В тот день в полях я наклонилась в направлении грядок, зажатая в папиных объятиях высоко над черным дерном, слышала его дыхание над своим ухом и его сердце, стучавшее в унисон с моим, и меня завитками дыма охватывало восхищение: «На что способно одно слово! Одно слово может преобразить песок в ткань!»
Berrinkies.
* * *Удивительно плодотворная британская писательница Айрис Мердок за всю свою жизнь опубликовала двадцать шесть романов. Помимо этого в число ее сочинений входят пять книг по философии, шесть пьес и два поэтических сборника. Проза Мердок то чрезвычайно наблюдательная, то уморительно странная, и вся она полна черного юмора и непредсказуемых сюжетных поворотов. В повествовании Мердок снимает с чопорных персонажей внешний налет любезности. Счищая с луковицы слой за слоем, она обнажает внутреннюю пустоту, в которой тем не менее обнаруживаются слова.
В своем пятнадцатом романе под названием «Черный принц» Мердок описывает грохочущее ядро «Я» как инструмент искупления, единственный путь к божественности, при этом полностью очищенный от религии. Под ее пером искупление происходит через слова: я – это только то, что я говорю, и только открывая себя перед болью моих слов, я могу достичь искупительного удовольствия утверждать, что я вообще являюсь собой.

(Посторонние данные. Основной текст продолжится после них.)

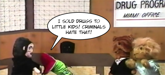 Sneaky Snakeâs lawyer wonât even charge for this one. You canât substitute an anti-drug rap for the Miranda Rights in any state except for maybe – oh right. Florida. Still, I donât care how hard it is to sew little puppet handcuffs, you canât just chain up a perp like a werewolf in any state but- you know what? This was, if anything, prophetic.
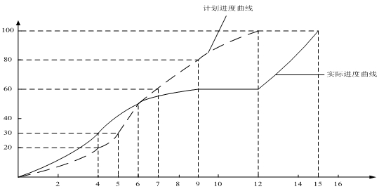 2. 第9月月底,實(shí)際進(jìn)度落后于計(jì)劃進(jìn)度,落后時(shí)間為2 個(gè)月。實(shí)際僅完成計(jì)劃進(jìn)度的75%。
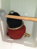Heute am 4. Mai 2020 war ich wieder in die Werkstatt. Zuerst habe ich all die erforderlichen o.g. Positionen auf dem Federbalg mittig markiert, die Wasserablauflöcher im Spannring und das Phoenix Logo am Luftbalg. Den Luftbalg habe ich oben an der runden äusseren Seite gut mit Talkum eingerieben und auch den inneren Teil des Spannrings. Den Spannring habe ich jetzt vorsichtig hochkant in die Alubacken vom Schraubstock geklemmt und dann den Luftbalg hochkant mit der oberen runden Seite mit beiden Daumen langsam Stück für Stück in den inneren Spannring hineingedrückt. Das letzte Stück ging dann nicht mehr mit Daumen zu drücken weil der Luftbalg sich da auf ca. 4cm gestaut hatte. Ich habe dann vorsichtig mit einem abgerundeten mittleren Hammerstiel die letzten 4cm des Luftbalgs in den Spannring hineingedrückt - das ganze Spiel eigentlich relativ einfach - und dann saß der Luftbalg im inneren Ring. Das Phoenix Logo saß da wo es sein sollte - genau mittig gegenüber den Wasserablauflöchern.
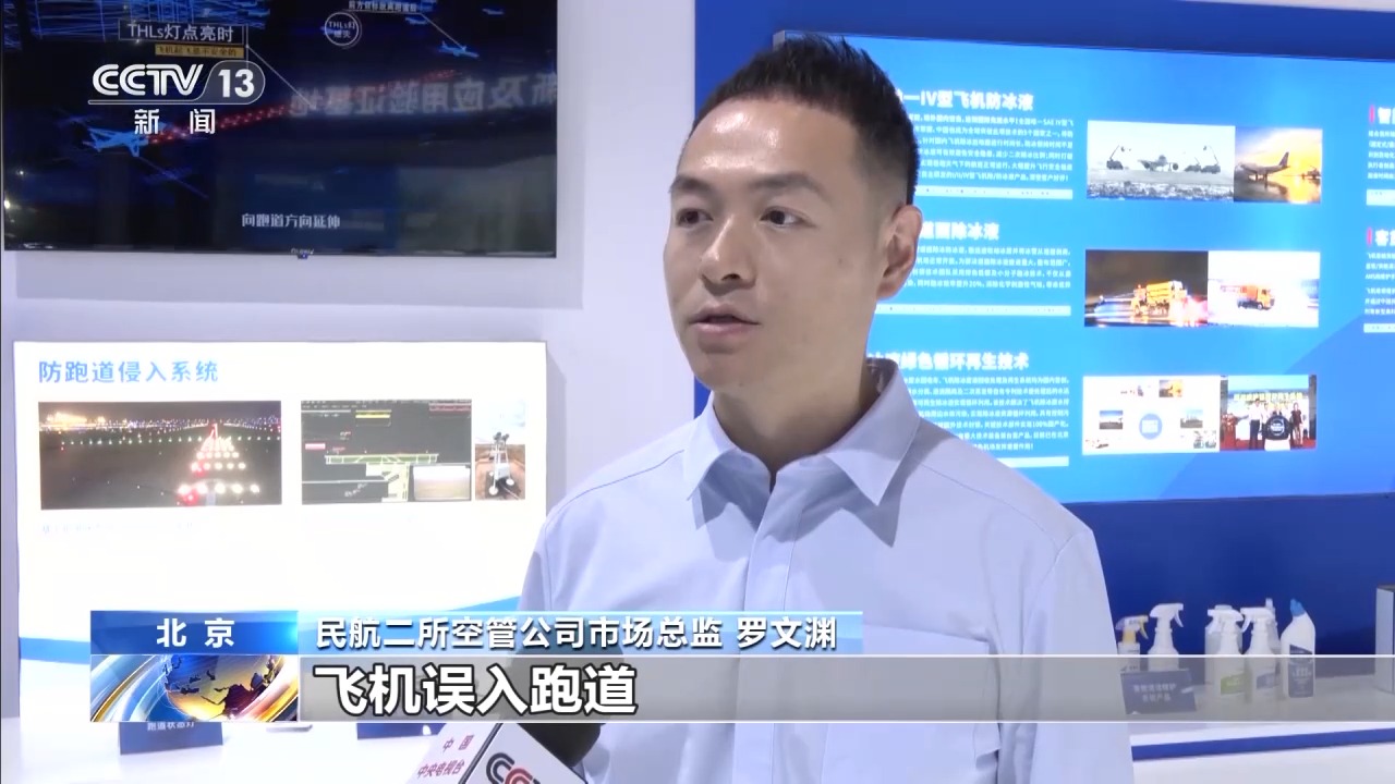 *民航二所空管公司市場總監 羅文淵:*我們的防跑道侵入系統是目前國內第一套完全國產自主化的防跑道侵入系統。飛機誤入跑道導致的跑道侵入事件發生的概率降低70%左右。
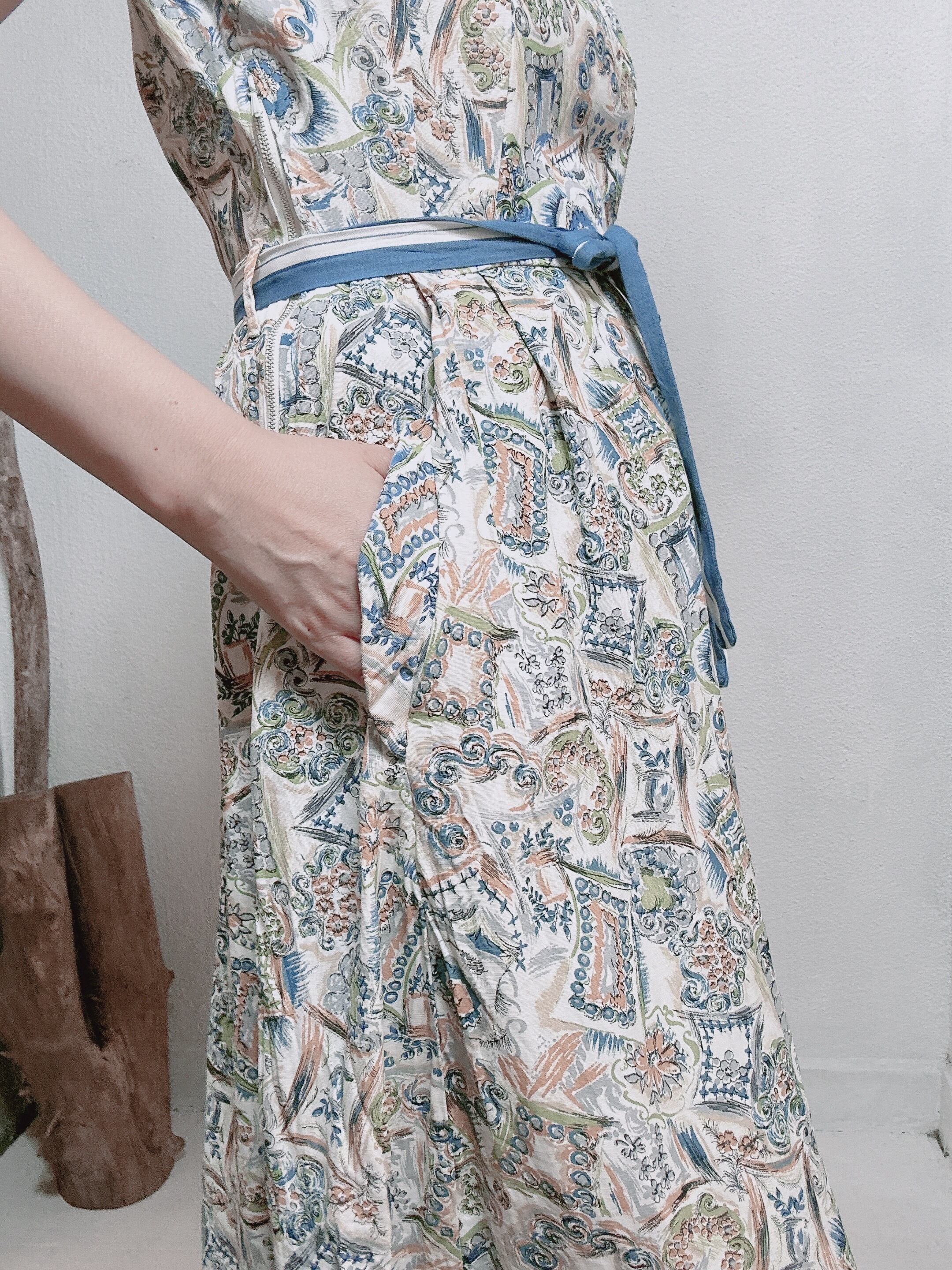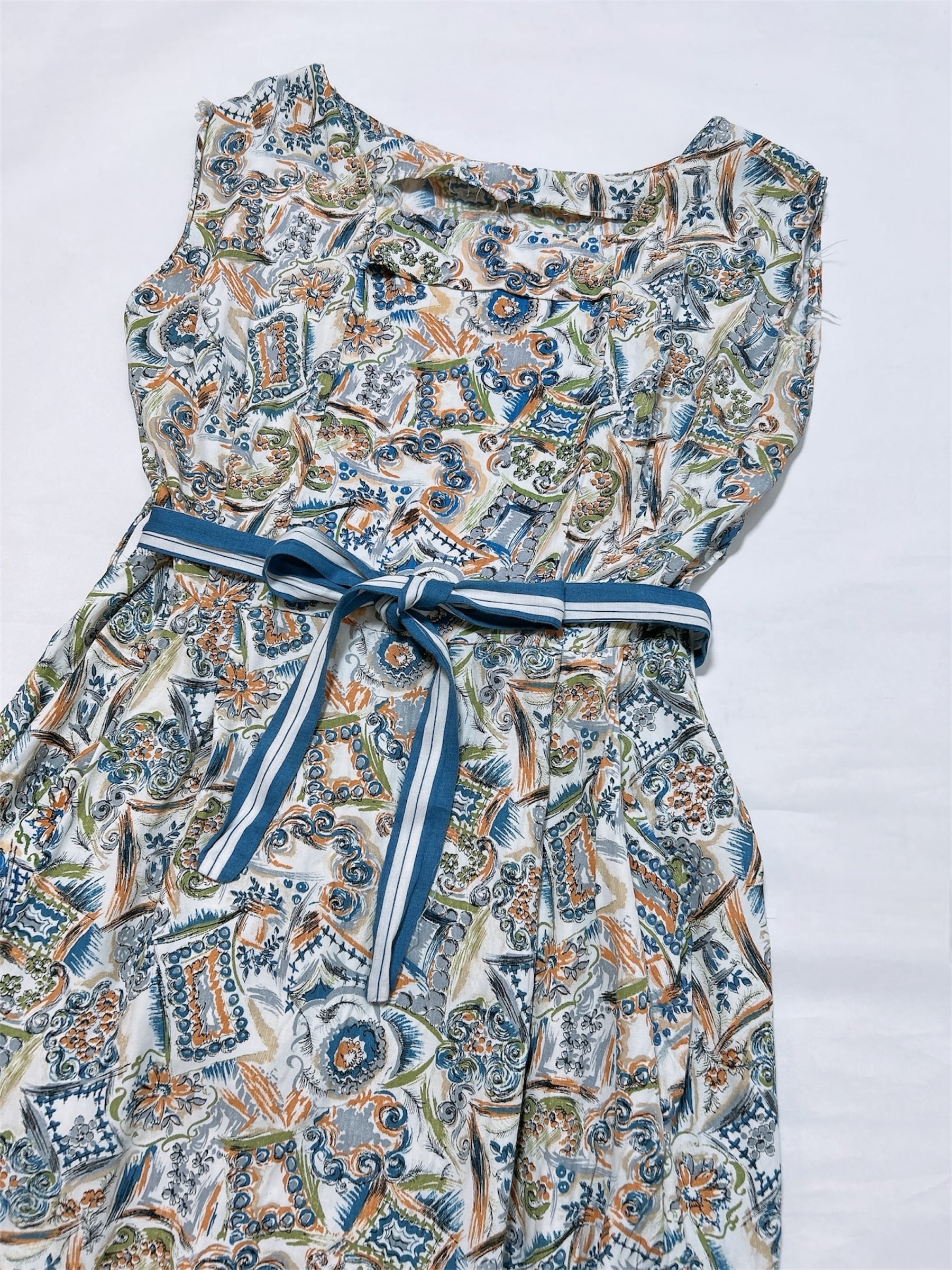 Vintage Boho Print Dress with Blue Waist Tie – Timeless Charm m144

«Брэдли Пирсон, от чьего лица ведется повествование в “Черном принце”, так объясняет Джулиан, своей двадцатилетней возлюбленной, почему “Гамлет” – его любимое произведение искусства: “Все существо ’Гамлета’ – это слова, – говорит Брэдли, – а Гамлет – сама речь <…> Он жертва живодера-бога, пляшущего танец творения». Бог – это сам Шекспир, который создал Гамлета, а затем, в представлении Мердок, опустошил “Я” принца, содрав с него кожу вживую. Когда Джулиан спрашивает, не перенимает ли Шекспир таким образом боль Гамлета на себя, Брэдли отвечает: “Конечно… но… так как любовь здесь создала собственный язык, словно бы в первый день творения, он смог преосуществить муку в поэзию… Он разыгрывает перед нами очищение языка… Шекспир кричит от боли, извивается, пляшет, хохочет и визжит – и нас заставляет хохотать и визжать – в нашем аду… Единственное наше искупление в том, что речь – божественна”»[26].